Task objective: Each line of data below is to be returned exactly, leaving out any picture.

Data shown:
###
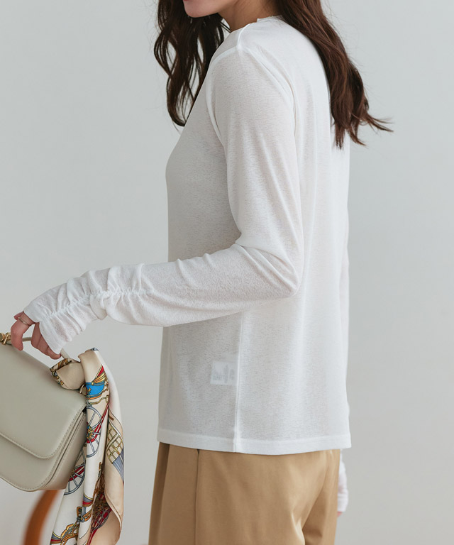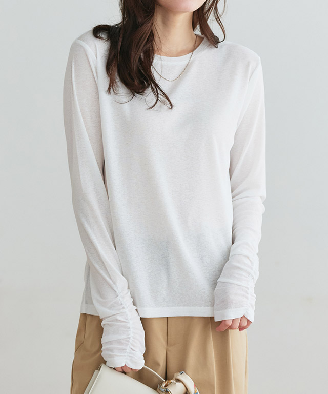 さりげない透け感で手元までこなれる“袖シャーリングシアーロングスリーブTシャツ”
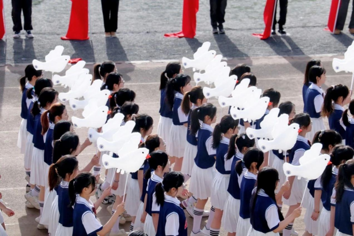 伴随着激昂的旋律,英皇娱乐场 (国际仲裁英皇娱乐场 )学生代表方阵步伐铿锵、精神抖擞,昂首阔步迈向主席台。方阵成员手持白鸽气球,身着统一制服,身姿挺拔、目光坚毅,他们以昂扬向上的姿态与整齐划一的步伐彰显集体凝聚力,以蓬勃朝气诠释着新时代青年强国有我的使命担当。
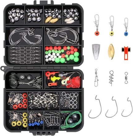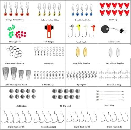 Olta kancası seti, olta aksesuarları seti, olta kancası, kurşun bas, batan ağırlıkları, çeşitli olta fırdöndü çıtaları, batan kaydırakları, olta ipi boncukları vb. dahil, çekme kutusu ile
###
Solution to this exercise:
 さりげない透け感で手元までこなれる“袖シャーリングシアーロングスリーブTシャツ”
 伴随着激昂的旋律,英皇娱乐场 (国际仲裁英皇娱乐场 )学生代表方阵步伐铿锵、精神抖擞,昂首阔步迈向主席台。方阵成员手持白鸽气球,身着统一制服,身姿挺拔、目光坚毅,他们以昂扬向上的姿态与整齐划一的步伐彰显集体凝聚力,以蓬勃朝气诠释着新时代青年强国有我的使命担当。
 Olta kancası seti, olta aksesuarları seti, olta kancası, kurşun bas, batan ağırlıkları, çeşitli olta fırdöndü çıtaları, batan kaydırakları, olta ipi boncukları vb. dahil, çekme kutusu ile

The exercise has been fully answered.